TASK ITEM → The first line of the listing opens the range and the line with "Three Stories Jewelry" closes it; repeat those lines and all between them word for word, leaving out the pictures.
====== DATASET ENTRIES
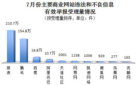 在全国主要网站受理的有效举报中,新浪(新浪微博、新浪网)、腾讯(微信、QQ、腾讯安全服务平台、腾讯网、腾讯微博)、百度、阿里巴巴等主要商业网站受理量占71.1%,为393.7万件。
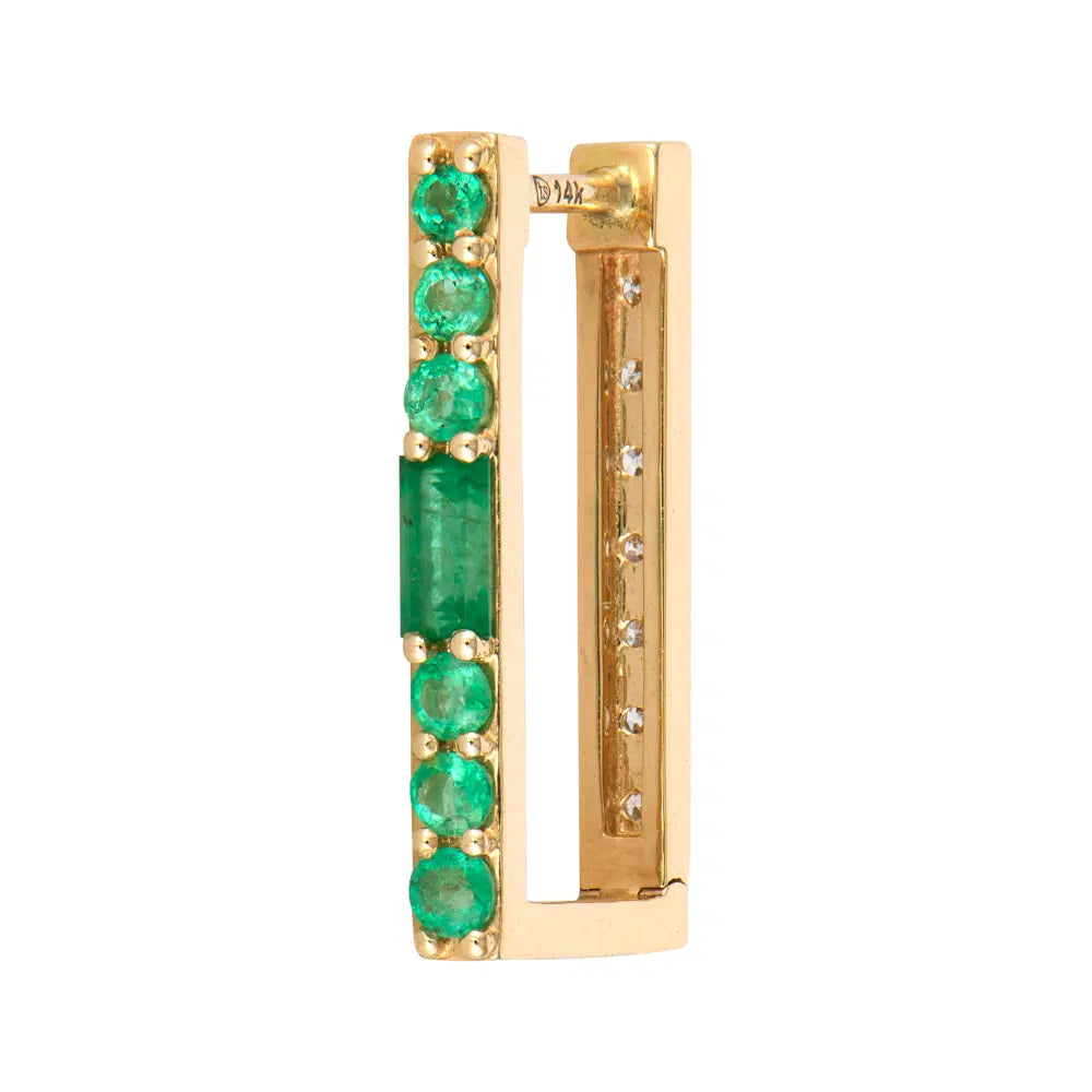Three Stories Jewelry 14k yellow gold Emerald and Diamond Two-Sided Rectangular Hoop showcase pave round and baguette emeralds on the front side of the rectangular hoop and pave round diamonds on the back.
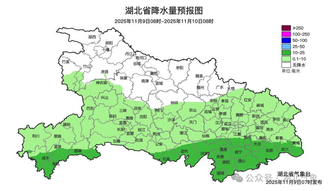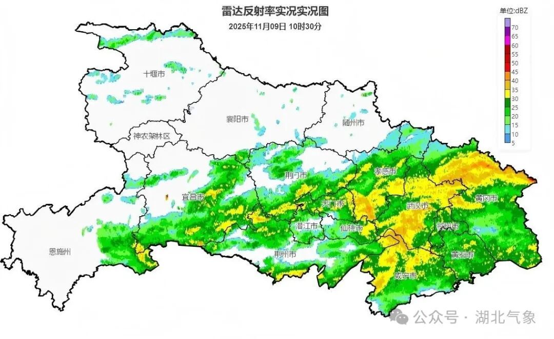 11月9日08时-10日08时,鄂西南、江汉平原、鄂东南阴天有小到中雨;鄂东北阴天有小雨;其他地区阴天,局地有零星小雨。最高气温14~18℃,最低气温西部9~13℃、中东部13~15℃,偏北风3级、阵风4到5级。
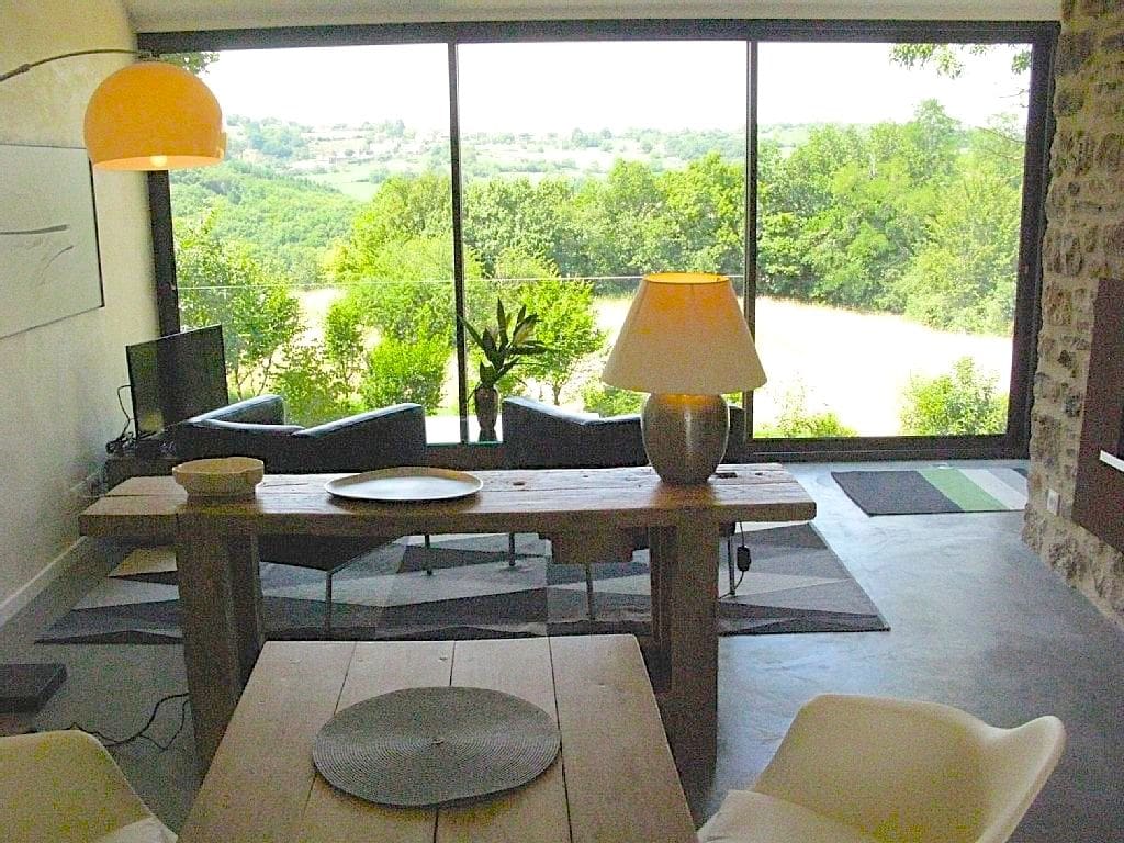 Photo above: 'La Pomme' is the more traditional of the two gîtes. Below, the sleek living room of 'Le Lapin', the more contemporary gîte.
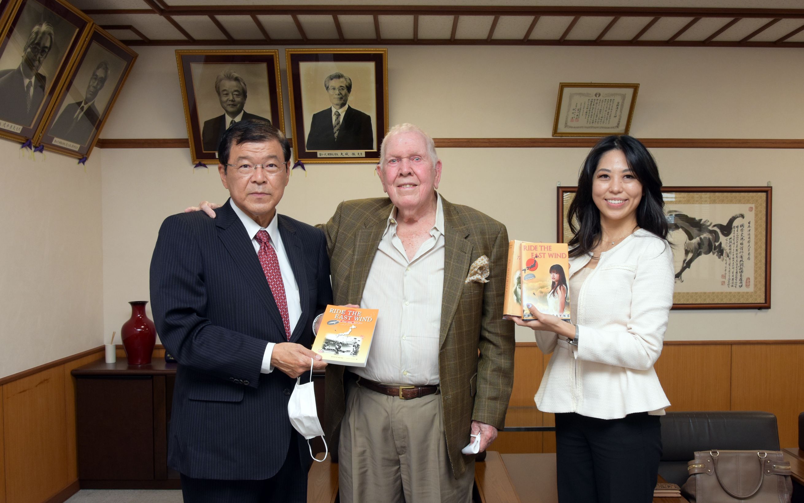 本学卒業生で翻訳業に携わる田仲敦美さん(2013年度法律学科卒業)とステーキハウスサムズの創立者レイ・ペインさんが、前津榮健学長を表敬訪問されました。田仲さんが日本語翻訳を担当した、レイ・ペインさんの自叙伝書籍「RIDE THE EAST WIND ~東の風に乗って~」の紹介のため来学でした。
============
REPLY →
 在全国主要网站受理的有效举报中,新浪(新浪微博、新浪网)、腾讯(微信、QQ、腾讯安全服务平台、腾讯网、腾讯微博)、百度、阿里巴巴等主要商业网站受理量占71.1%,为393.7万件。
Three Stories Jewelry 14k yellow gold Emerald and Diamond Two-Sided Rectangular Hoop showcase pave round and baguette emeralds on the front side of the rectangular hoop and pave round diamonds on the back.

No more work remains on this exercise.